Ridge regularization
In the case of ridge regularization the last term is given as follows:
\[\text{L}_{reg} = \sum_{j=1}^J \beta_j^2 .\]It is straight forward to minimize resulting function by equaling the derivative to 0 and rearrangin for $\beta $s. Because analytic solution is available, ridge regularization is fast to compute relative to Lasso. However, ridge regularization does not preform selection of predictors.

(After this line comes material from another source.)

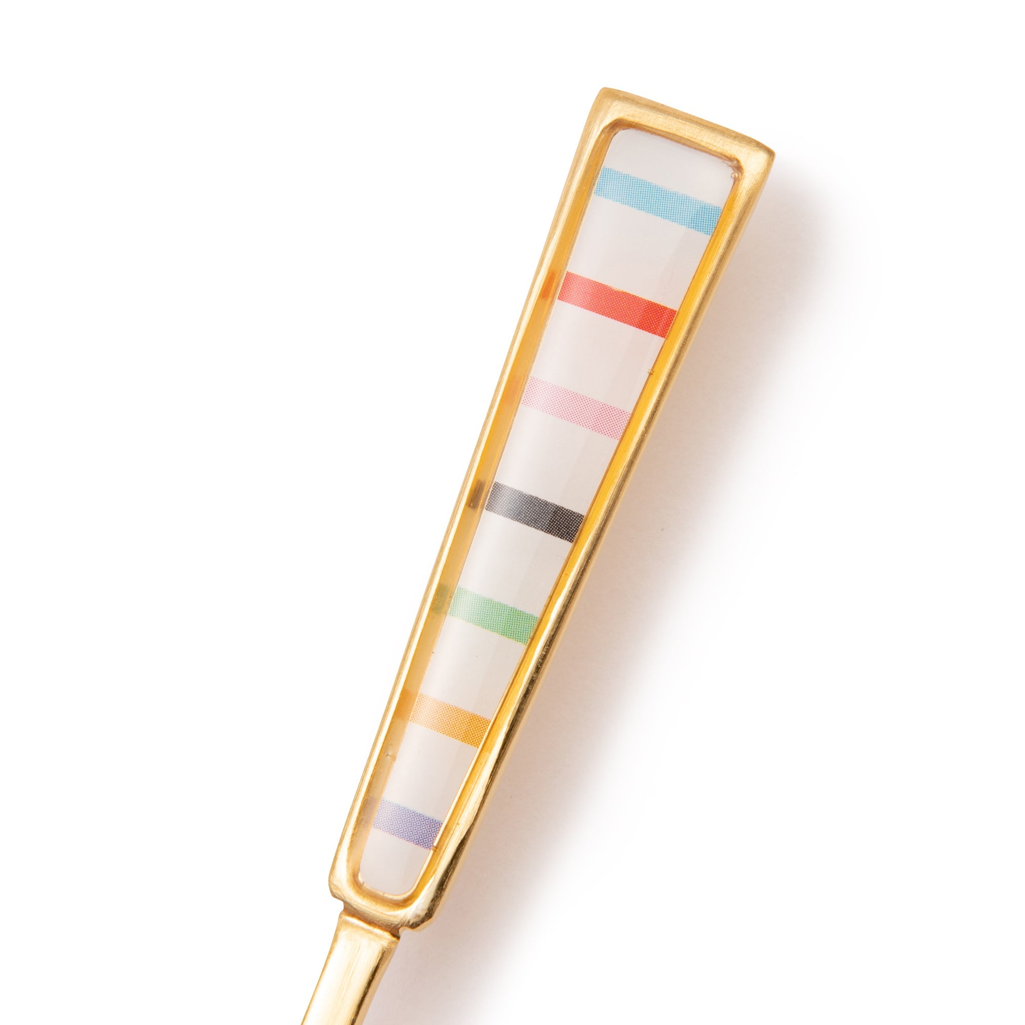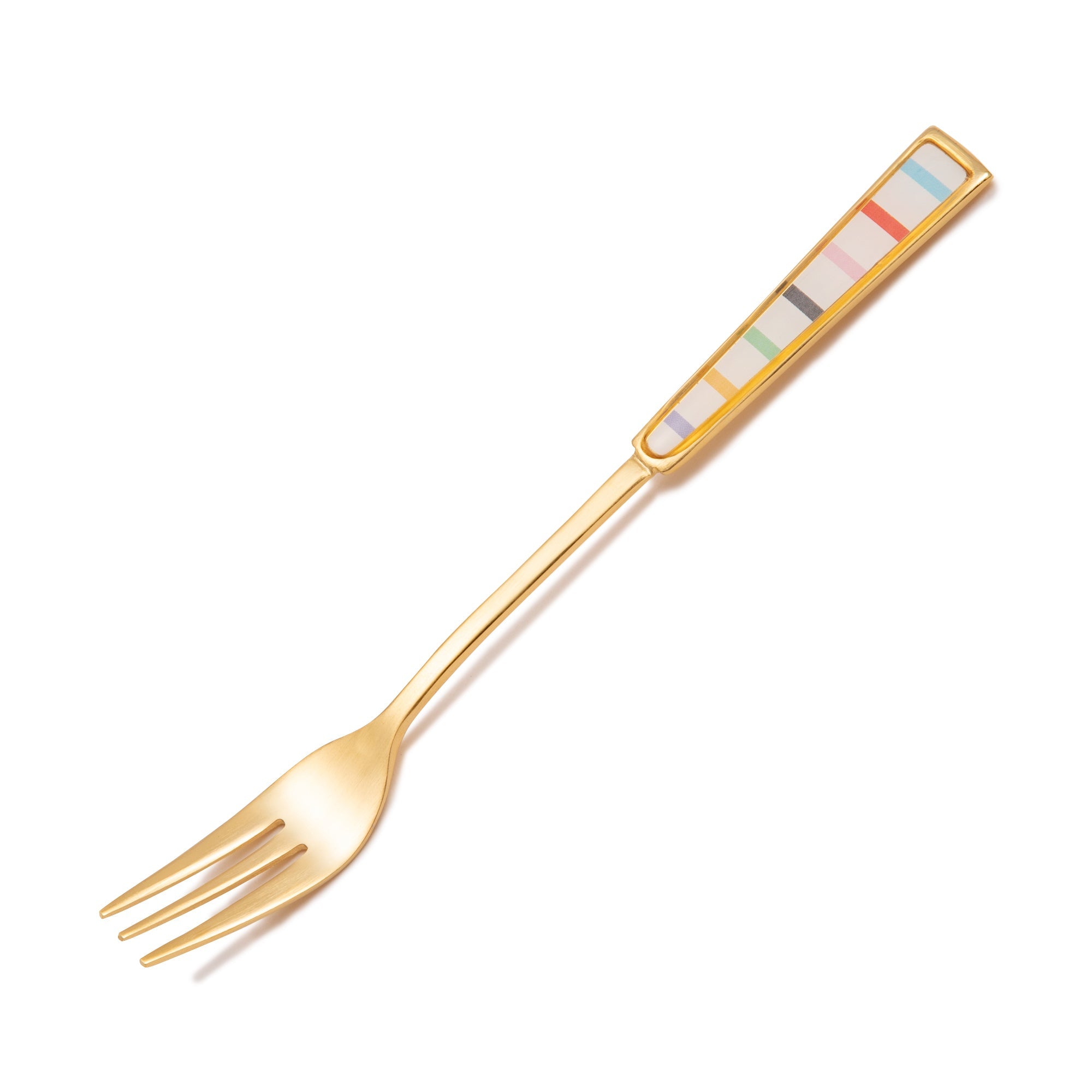 どんな食器ともなじみよくお使いいただける上品なマットゴールド仕上げのケーキフォークです。ハンドルに埋め込まれた鮮やかな絵柄が、ティータイムを華やかに彩ります。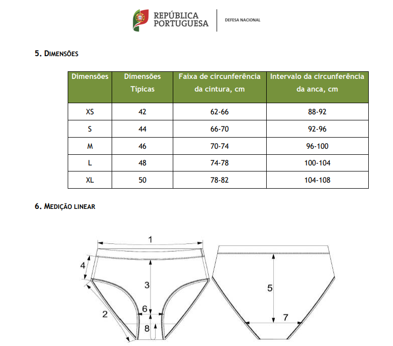 Segundo as cláusulas técnicas do contrato, as cuecas devem ser compostas por “uma parte da frente, uma parte de trás e um reforço com um forro” e vão ser cosidas em ponto de linha dupla de quatro fios. Além disso, a parte da cintura deve ter uma fita jacquard elástica e as cuecas devem ter as cores “coiote, verde azeitona e preto” que fazem o padrão camuflado do exército.

In python the following function can be used to perform ridge regulariuzation:
1
2
3
4
5
6
7
from sklearn.linear_model import Ridge
import numpy as np
# alpha is equivalent our parameter lambda
clf = Ridge(alpha=1.0)
# Fit ridge regression predictors X and dependent variables y
clf.fit(X, y)
Lasso Regularization
This regularization has
\[\text{L}_{reg} = \sum_{j=1}^J | \beta_j | .\]Because of appearence of absolute value, there is no derivative at $\beta_j$ at 0 and so no analytical expression. Instead the parameters $\beta_j$ have to be estimated with iterative numerical methods. This makes Lasso regularization slower to compute, but it performs variable selection in contrast to Ridge regression. Hence, it is a regulazation of choice to many data scientists.
In Pyhton thi is implemented as
1
2
3
4
5
6
7
from sklearn.linear_model import Lasso
import numpy as np
# alpha is equivalent our parameter lambda
clf = Lasso(alpha=0.01)
# Fit Lasso regression predictors X and dependent variables y
clf.fit(X, y)
Selecting $\lambda$
In both Ridge and Lasso regression a hyperparameter $\lambda$ must be chosen. To that end we can use test-train-validation split. Mutliple models with varying $\lambda$ s are trained on the taining set and then MSE is calculated on the validation set. Then we pick $\lambda$ corresponding to the lowest MSE.
In order to prevent overfitting to validation set, cross-validation can be used instead. In that case we pick lambda that has lowest average MSE across multiple folds.
Conclusion
Regularization is introduced to discourage overly large values of coefficients in our model and to perform variables selection. In this article we discussed loss function related to regularization and two regularizations: ridge, and lasso. Lasso performs variable selection, but is more expensive to compute than Ridge regression.